Tapanainen, Pasi. 10 Applying a Finite-State Intersection Grammar[4]
Describes how the CG-2 parser works? Contains several methods of how to intersect the sentence automaton with rule transducers, complete with performance analysis. Nothing of real practical value, though.
- Rule application is intersection-based.
- Intersection strategies:
- Randomized intersection: apply the rules in random order. But what if one rule enables another, and the "another" has already been applied? Also, the intermediate size of the sentence blows up.
- "The best next" method: at each step, intersect the sentence with ALL rules individually. Keep the best. The intermediate size seems to remain relatively small, but O(n2) intersections.
- Approximated "best next": intersect the sentence with ALL rules, order them by size, and apply the rules in that order. O(2n).
- Run-time compression: add some ambiguity -- the proposed method doesn't work, as our input is in that format anyway.
- Depth-first search: parallel. Make a tree from the sentence and DPS, apply all rules in parallel in each step, cut the sub-tree if any of the rule automatons reject the string.
- Hybrid intersection-search: intersect the rules the reduce ambiguity the most (crop the search tree), and then do the DPS.

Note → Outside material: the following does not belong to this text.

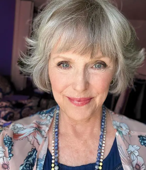A choppy short bob with side bangs offers a stylish, modern twist for women in their 70s. This haircut blends the timeless appeal of a classic bob with texturized layers for a youthful and dynamic vibe.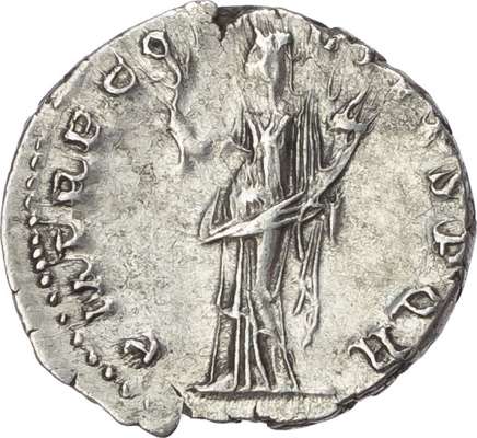 IMP TRAIANO AVG GER DAC PM TR P, laureate and draped bust of Trajan right. Rev. PM TR P COS VI S P Q R, Pax standing left, holding branch and cornucopiae. (RIC 343). About Extremely Fine.

- Speed comparison: hybrix > approximation > DPS >> random.
- What we can take away from this:
- Rules can reject readings? Only the rules in DPS, or is there a way to use fail-fast transducers efficiently?
- They probably don't use a standard FST library (xfst?), if they can efficiently move between an FSA and a search tree.
Tapanainen, Pasi. Parsing in two frameworks: finite-state and functional dependency grammar[5]
Haven't read yet.
References
- ↑ Hulden, Mans. 2011. Constraint Grammar parsing with left and right sequential finite transducers. In: Proceedings of the 9th International Workshop on Finite State Methods and Natural Language Processing, pages 39--47.
- ↑ Peltonen, Janne. 2011. A Finite State Constraint Grammar Parser
- ↑ Tapanainen, Pasi. 1996. The Constraint Grammar Parser CG-2. University of Helsinki Publications No. 27.
- ↑ Tapanainen, Pasi. "10 Applying a Finite-State Intersection Grammar." In: Finite-state language processing (1997), pages 311--237.
- ↑ Tapanainen, Pasi. 1999. Parsing in two frameworks: finite-state and functional dependency grammar. University of Helsinki, Department of General Linguistics.